[[ PROVIDED INFORMATION open ]]
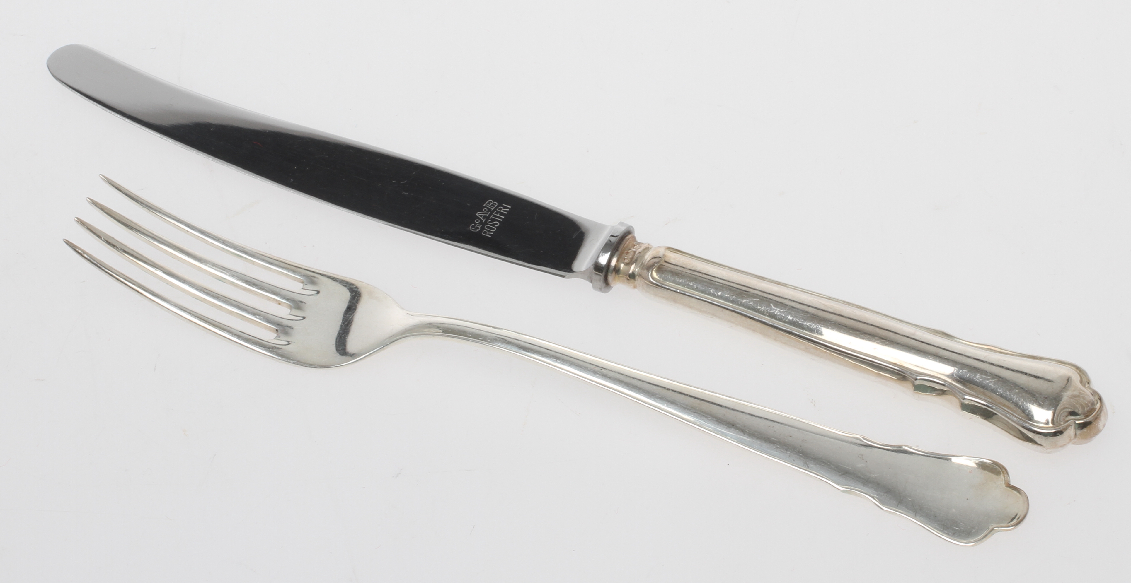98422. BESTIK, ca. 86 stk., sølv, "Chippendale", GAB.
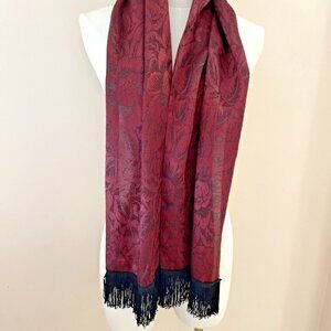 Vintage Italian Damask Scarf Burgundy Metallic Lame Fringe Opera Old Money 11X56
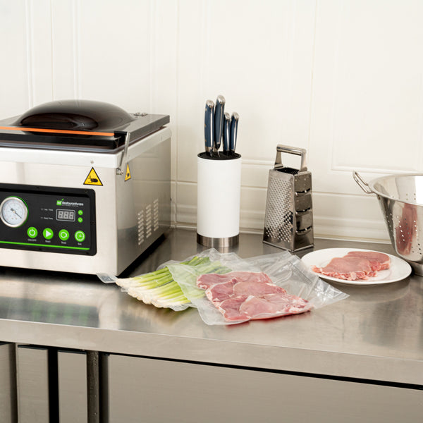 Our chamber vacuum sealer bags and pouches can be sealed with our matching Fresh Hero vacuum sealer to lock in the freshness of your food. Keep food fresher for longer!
[[ PROVIDED INFORMATION closed ]]
[[ PROVIDED INFORMATION open ]]
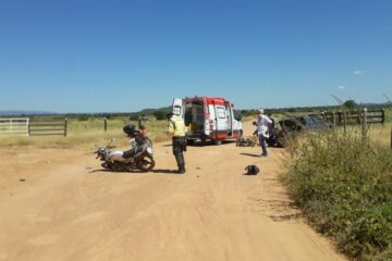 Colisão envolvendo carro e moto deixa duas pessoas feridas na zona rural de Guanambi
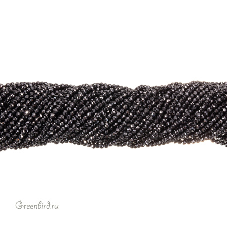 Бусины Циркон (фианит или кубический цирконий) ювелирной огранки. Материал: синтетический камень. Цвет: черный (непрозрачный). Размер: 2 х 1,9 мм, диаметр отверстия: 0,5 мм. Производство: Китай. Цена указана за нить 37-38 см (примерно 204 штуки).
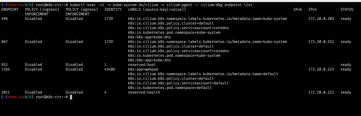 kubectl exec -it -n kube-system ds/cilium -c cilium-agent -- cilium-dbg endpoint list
[[ PROVIDED INFORMATION closed ]]
A word-for-word reproduction is needed of the lines above from the line containing "98422. BESTIK, ca." through the line containing "Our chamber vacuum", with both ends kept and no pictures.

- [WRITTEN SOLUTION]
98422. BESTIK, ca. 86 stk., sølv, "Chippendale", GAB.
 Vintage Italian Damask Scarf Burgundy Metallic Lame Fringe Opera Old Money 11X56
 Our chamber vacuum sealer bags and pouches can be sealed with our matching Fresh Hero vacuum sealer to lock in the freshness of your food. Keep food fresher for longer!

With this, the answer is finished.